Vioxx made news again recently when the most comprehensive study of Merck’s internal documents released during the Vioxx litigation revealed the manipulation of the company’s clinical trial results. One example: Merck conducted several trials trying to prove that Vioxx slows the progression of cognitive impairment in people with dementia. The company’s early analysis of these trials showed “a significantly increased mortality risk” among the participants assigned to take Vioxx (their death rate was more than twice that of the placebo group). This, however, was not the way Merck reported the results to the FDA. Instead, Merck minimized the death risk by using a less-valid type of data analysis of the same trial results and concluded that Vioxx was “well tolerated.”
When the study of the Merck documents was published last month in the Journal of the American Medical Association, the accompanying editorial made it clear that the manipulation of trial results is not the sole purview of one company. The editors also noted that the evidence necessary to demonstrate Merck’s misdeeds became public—and publishable—only because of litigation. Last fall, Merck agreed to a $4.85 billion settlement to resolve tens of thousands of lawsuits filed by former Vioxx patients or their families.
This is not likely to be the way things will turn out for the young women injured by Johnson & Johnson’s popular Ortho Evra birth control patch. The patch delivered far more estrogen into the bloodstream than standard oral contraceptives, increasing the risk of potentially fatal blood clots. More than 3,000 women and their families have sued Johnson & Johnson claiming that the patch caused heart attacks, strokes and at least 40 deaths.

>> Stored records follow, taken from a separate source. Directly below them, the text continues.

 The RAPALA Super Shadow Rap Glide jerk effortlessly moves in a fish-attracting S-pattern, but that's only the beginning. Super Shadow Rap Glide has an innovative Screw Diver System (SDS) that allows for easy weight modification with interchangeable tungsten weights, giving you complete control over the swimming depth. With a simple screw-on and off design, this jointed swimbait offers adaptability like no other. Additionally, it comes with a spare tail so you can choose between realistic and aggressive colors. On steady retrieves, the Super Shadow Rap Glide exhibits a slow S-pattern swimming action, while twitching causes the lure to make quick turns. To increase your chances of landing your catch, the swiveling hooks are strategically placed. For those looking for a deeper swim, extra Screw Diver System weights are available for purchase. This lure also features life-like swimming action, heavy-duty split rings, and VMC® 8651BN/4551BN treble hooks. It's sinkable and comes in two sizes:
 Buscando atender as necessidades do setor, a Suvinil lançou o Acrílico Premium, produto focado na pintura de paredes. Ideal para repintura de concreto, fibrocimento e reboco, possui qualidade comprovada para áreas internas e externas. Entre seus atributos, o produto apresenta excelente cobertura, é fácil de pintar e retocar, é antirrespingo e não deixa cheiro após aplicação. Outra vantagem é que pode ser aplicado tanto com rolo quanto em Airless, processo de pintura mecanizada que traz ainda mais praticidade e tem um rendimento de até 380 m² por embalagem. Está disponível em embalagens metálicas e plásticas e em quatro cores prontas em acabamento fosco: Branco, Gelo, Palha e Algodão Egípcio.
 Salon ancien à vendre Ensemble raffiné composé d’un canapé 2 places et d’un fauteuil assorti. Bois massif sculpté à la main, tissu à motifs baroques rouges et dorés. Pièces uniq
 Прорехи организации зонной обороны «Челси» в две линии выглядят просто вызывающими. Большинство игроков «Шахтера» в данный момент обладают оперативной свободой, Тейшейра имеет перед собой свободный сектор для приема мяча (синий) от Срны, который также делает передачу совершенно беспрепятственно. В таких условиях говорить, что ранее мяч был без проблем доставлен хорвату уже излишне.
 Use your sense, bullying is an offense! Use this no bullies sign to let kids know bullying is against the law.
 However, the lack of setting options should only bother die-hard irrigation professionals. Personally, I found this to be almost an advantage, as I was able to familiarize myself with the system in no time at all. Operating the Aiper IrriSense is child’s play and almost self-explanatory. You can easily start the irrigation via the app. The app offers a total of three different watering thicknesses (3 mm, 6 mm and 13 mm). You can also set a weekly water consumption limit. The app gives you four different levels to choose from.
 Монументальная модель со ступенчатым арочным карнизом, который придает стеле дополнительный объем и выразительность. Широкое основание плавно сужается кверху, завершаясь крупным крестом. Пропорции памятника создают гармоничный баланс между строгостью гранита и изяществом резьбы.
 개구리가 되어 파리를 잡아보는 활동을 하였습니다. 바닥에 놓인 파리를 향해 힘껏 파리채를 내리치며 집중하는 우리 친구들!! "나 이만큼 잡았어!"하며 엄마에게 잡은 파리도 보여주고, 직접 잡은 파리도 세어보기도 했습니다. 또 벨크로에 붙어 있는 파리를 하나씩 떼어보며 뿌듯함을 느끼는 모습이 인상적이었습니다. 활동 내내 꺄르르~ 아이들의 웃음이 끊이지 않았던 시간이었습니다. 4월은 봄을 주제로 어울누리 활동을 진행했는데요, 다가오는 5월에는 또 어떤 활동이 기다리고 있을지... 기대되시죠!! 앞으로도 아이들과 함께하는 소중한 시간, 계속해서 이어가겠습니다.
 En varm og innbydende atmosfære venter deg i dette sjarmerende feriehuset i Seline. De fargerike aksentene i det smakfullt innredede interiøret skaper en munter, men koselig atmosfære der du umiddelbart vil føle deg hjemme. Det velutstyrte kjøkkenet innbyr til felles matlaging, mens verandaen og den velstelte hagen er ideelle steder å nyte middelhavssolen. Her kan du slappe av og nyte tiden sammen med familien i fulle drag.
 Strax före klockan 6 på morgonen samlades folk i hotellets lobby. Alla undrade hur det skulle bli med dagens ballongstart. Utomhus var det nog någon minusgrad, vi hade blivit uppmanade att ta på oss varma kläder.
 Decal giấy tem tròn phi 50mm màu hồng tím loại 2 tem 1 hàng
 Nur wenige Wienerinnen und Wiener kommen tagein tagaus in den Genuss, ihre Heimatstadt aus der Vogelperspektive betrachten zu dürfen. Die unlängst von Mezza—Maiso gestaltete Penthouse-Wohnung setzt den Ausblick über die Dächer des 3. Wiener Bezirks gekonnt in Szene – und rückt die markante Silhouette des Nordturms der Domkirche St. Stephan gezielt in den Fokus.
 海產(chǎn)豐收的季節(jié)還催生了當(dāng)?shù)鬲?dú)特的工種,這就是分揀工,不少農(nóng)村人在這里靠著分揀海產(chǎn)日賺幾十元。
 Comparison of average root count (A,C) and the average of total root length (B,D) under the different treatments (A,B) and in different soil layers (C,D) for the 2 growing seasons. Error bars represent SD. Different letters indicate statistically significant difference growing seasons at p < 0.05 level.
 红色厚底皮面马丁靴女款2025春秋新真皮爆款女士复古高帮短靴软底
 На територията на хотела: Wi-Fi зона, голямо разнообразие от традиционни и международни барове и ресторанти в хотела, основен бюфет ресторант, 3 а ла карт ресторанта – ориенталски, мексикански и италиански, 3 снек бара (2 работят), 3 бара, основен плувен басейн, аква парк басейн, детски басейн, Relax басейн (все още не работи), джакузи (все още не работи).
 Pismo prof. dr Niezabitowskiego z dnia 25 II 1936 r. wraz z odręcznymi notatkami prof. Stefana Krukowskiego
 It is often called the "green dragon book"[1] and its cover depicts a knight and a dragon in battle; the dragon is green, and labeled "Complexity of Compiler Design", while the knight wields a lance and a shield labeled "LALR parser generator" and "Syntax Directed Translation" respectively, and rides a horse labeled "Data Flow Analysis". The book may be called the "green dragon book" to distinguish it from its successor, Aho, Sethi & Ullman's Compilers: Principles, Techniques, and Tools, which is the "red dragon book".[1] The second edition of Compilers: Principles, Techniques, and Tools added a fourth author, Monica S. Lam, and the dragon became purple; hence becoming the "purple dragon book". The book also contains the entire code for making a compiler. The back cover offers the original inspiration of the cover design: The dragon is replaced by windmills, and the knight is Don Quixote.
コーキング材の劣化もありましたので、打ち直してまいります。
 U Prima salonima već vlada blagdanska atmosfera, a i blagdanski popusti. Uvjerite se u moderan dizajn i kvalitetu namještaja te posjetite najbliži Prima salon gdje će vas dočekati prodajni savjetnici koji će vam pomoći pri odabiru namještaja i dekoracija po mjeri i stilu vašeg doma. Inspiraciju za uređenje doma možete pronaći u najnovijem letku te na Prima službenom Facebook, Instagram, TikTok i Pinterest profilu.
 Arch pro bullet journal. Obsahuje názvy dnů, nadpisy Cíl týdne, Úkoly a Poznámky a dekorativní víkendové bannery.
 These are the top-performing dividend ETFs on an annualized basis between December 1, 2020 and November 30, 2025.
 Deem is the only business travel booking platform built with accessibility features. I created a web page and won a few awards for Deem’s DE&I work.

Documents made public by this lawsuit showed that Johnson & Johnson’s own trial revealed these risks in 1999. The company, as The New York Times put it, “obscured the finding in a 435-page report to the FDA.”
The Pre-Emption Dodge
The Ortho Evra plaintiffs are now on hold while a similar lawsuit against yet-another drug company (Wyeth) becomes the test case for the pre-emption shield when it goes to the Supreme Court in November. The Court is expected to rule in favor of industry and make pre-emption the legal standard. A precedent was set in February when the Court ruled that the device industry is immune from damage suits filed by people injured by defective pacemakers, stents, etc.
Pre-emption is just the latest in a series of outrages perpetrated by the pharmaceutical industry against the public. At a time when criminal charges should be brought against company officials who withhold evidence of harm, the industry wants a pass. And it’s likely to get just that given the pro-business, anti-consumer Supreme Court decisions over the last few years.
In the meantime, if you are scheduled for a knee replacement or stent or a new heart valve, be aware that medical devices now come with an invisible warning from industry:
In event of a major defect or other serious harm: You’re on your own.